Art. 206. Prescreve:
§ 1o Em um ano:
I - a pretensão dos hospedeiros ou fornecedores de víveres destinados a consumo no próprio estabelecimento, para o pagamento da hospedagem ou dos alimentos;
II - a pretensão do segurado contra o segurador, ou a deste contra aquele, contado o prazo:
a) para o segurado, no caso de seguro de responsabilidade civil, da data em que é citado para responder à ação de indenização proposta pelo terceiro prejudicado, ou da data que a este indeniza, com a anuência do segurador;
b) quanto aos demais seguros, da ciência do fato gerador da pretensão;
III - a pretensão dos tabeliães, auxiliares da justiça, serventuários judiciais, árbitros e peritos, pela percepção de emolumentos, custas e honorários;
IV - a pretensão contra os peritos, pela avaliação dos bens que entraram para a formação do capital de sociedade anônima, contado da publicação da ata da assembléia que aprovar o laudo;
V - a pretensão dos credores não pagos contra os sócios ou acionistas e os liquidantes, contado o prazo da publicação da ata de encerramento da liquidação da sociedade.

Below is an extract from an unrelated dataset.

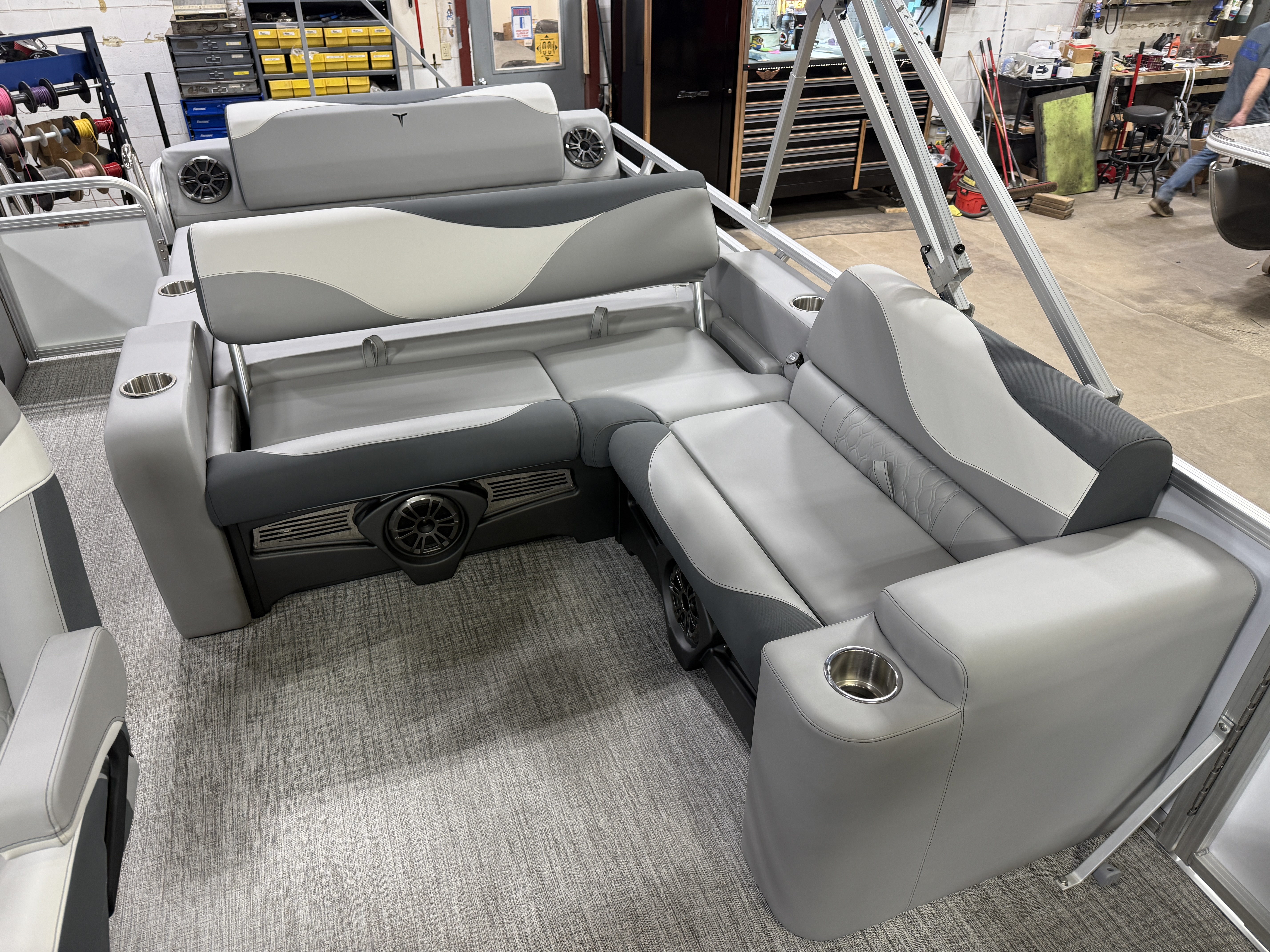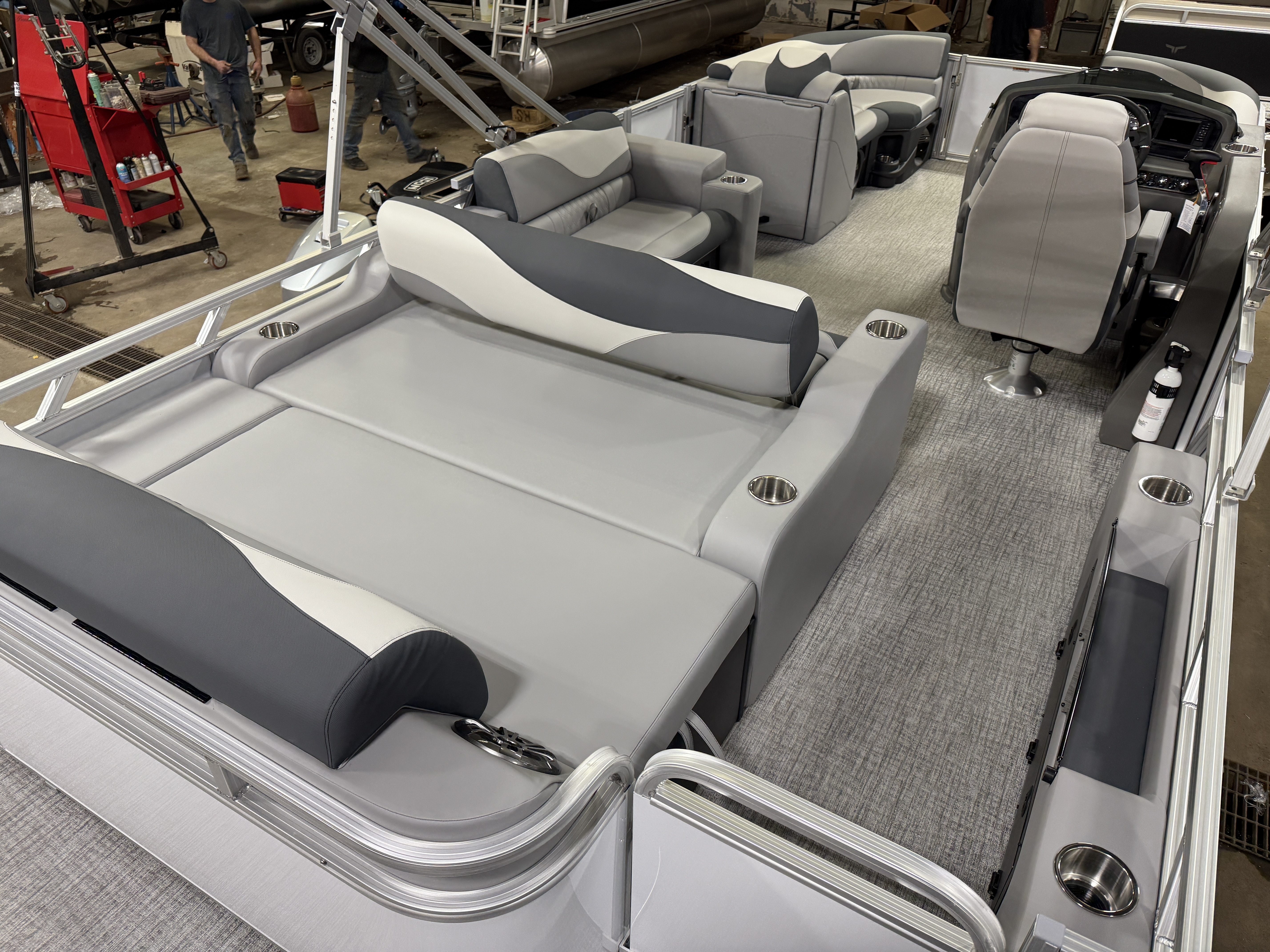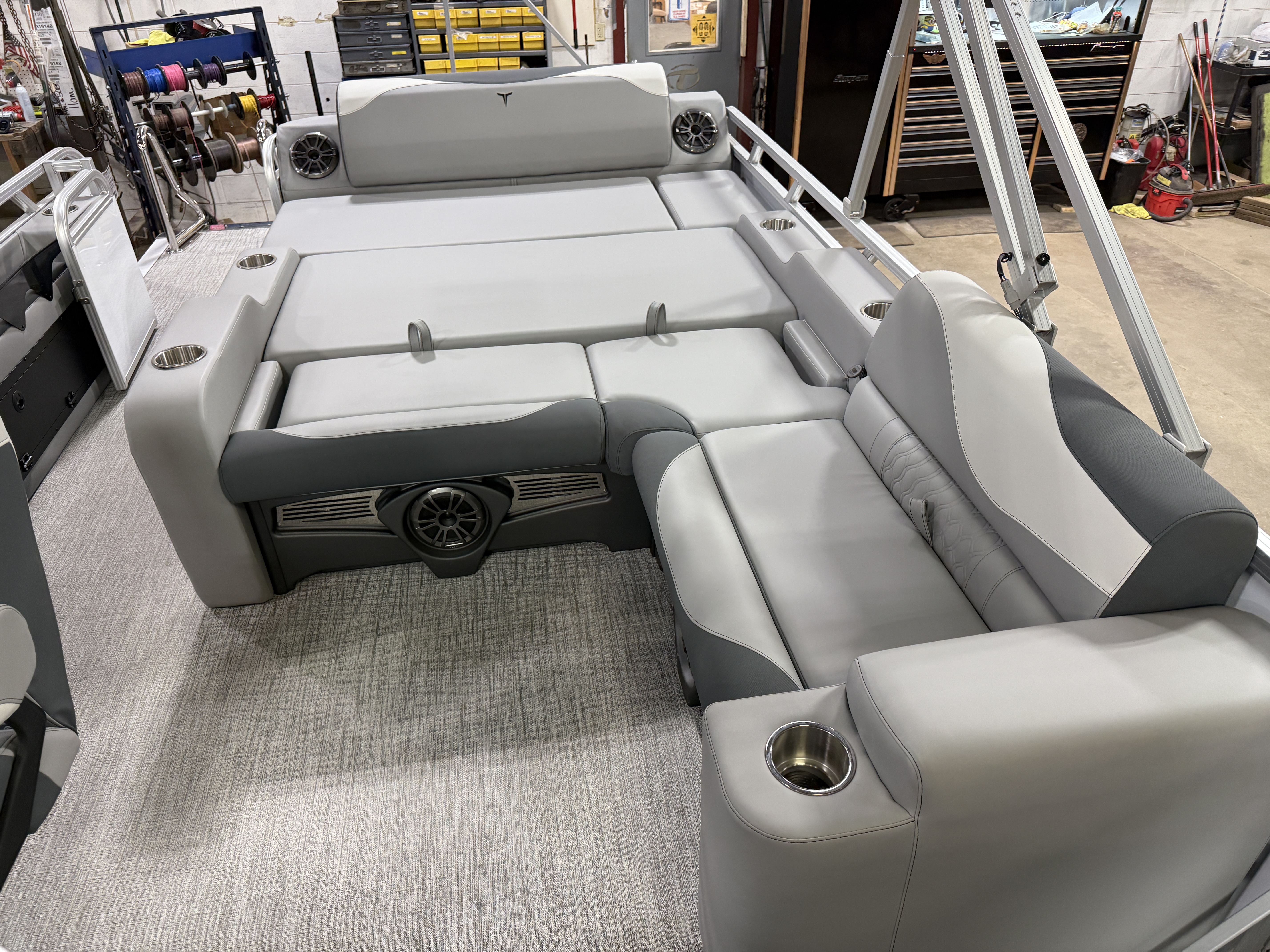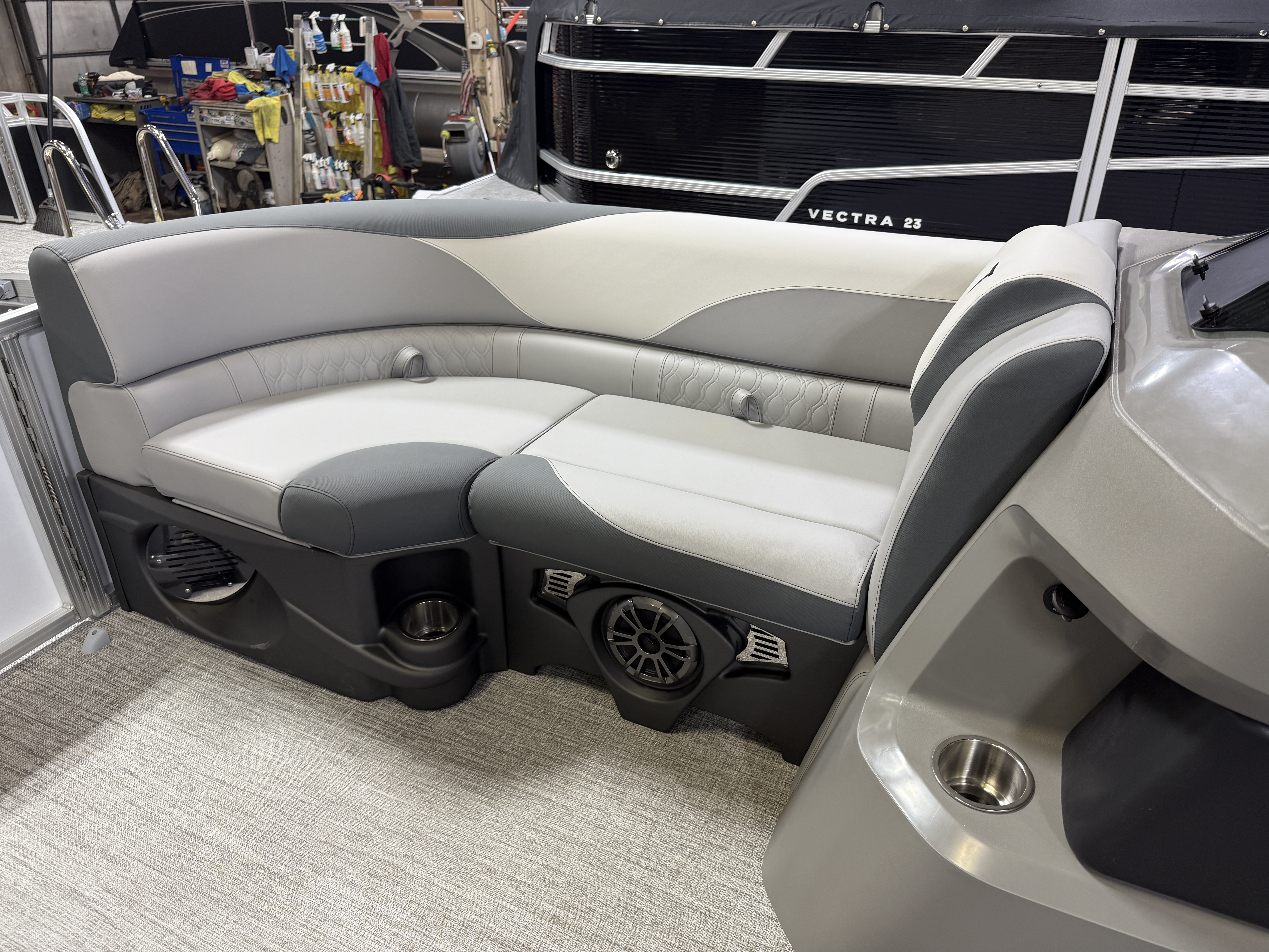 2025 Tahoe LTZ 2385 Versatile Rear Lounger (VRL) Pontoon Powered By Honda. This 23' Pontoon Has Front Lounge Seating With Storage, Admiral Reclining Captain's Chair, Versatile Rear Lounge Seating With Storage & Built In Speakers, Gated Aft, Riptide Shadow Vinyl Flooring, Graphite Interior Package, Platinum Package (LED Chrome Smoked Docklights, Polished Corner Caps, Mooring Cover, Garmin 52CV GPS Depth Finder, Pull Up Cleats, Vent Covers For Cladding), Gauge Package w/Hour Meter, Bimini Top, New Battery, Side Storage Behind Captain's Chair, Built-In Gas Tank, Multiple Cup Holders, Helm Side Storage, Fusion Bluetooth Radio w/6 Speakers & Amp, Lillipad Easy Step Ladder, Tilt Steering, Bow & Aft USB Charging Ports, Front And Rear Deck, New Battery, Charcoal Seat Cladding. Rated For 11 People.

§ 2o Em dois anos, a pretensão para haver prestações alimentares, a partir da data em que se vencerem.
§ 3o Em três anos:
I - a pretensão relativa a aluguéis de prédios urbanos ou rústicos;
II - a pretensão para receber prestações vencidas de rendas temporárias ou vitalícias;
III - a pretensão para haver juros, dividendos ou quaisquer prestações acessórias, pagáveis, em períodos não maiores de um ano, com capitalização ou sem ela;
IV - a pretensão de ressarcimento de enriquecimento sem causa;
V - a pretensão de reparação civil;
VI - a pretensão de restituição dos lucros ou dividendos recebidos de má-fé, correndo o prazo da data em que foi deliberada a distribuição;
VII - a pretensão contra as pessoas em seguida indicadas por violação da lei ou do estatuto, contado o prazo:
a) para os fundadores, da publicação dos atos constitutivos da sociedade anônima;
b) para os administradores, ou fiscais, da apresentação, aos sócios, do balanço referente ao exercício em que a violação tenha sido praticada, ou da reunião ou assembléia geral que dela deva tomar conhecimento;
c) para os liquidantes, da primeira assembléia semestral posterior à violação;
VIII - a pretensão para haver o pagamento de título de crédito, a contar do vencimento, ressalvadas as disposições de lei especial;
IX - a pretensão do beneficiário contra o segurador, e a do terceiro prejudicado, no caso de seguro de responsabilidade civil obrigatório.
§ 4o Em quatro anos, a pretensão relativa à tutela, a contar da data da aprovação das contas.
§ 5o Em cinco anos:
I - a pretensão de cobrança de dívidas líquidas constantes de instrumento público ou particular;
II - a pretensão dos profissionais liberais em geral, procuradores judiciais, curadores e professores pelos seus honorários, contado o prazo da conclusão dos serviços, da cessação dos respectivos contratos ou mandato;
III - a pretensão do vencedor para haver do vencido o que despendeu em juízo.
Assim, na prescriçao normal do cheque é de 6 meses. Passado esse tempo ele não passa de mero indício de prova escrita, desta feita ele não será regido pelo parágrafo terceiro inciso VIII do artigo supra e, sim pelo caput do mesmo artigo, ou seja, dez anos. Esse é o meu entendimento, aceitando outros desde que fundamentados.
Com a nova reforma da monitória, ficou melhor ainda essa via judicial. Espero ter esclarecido alguma coisa.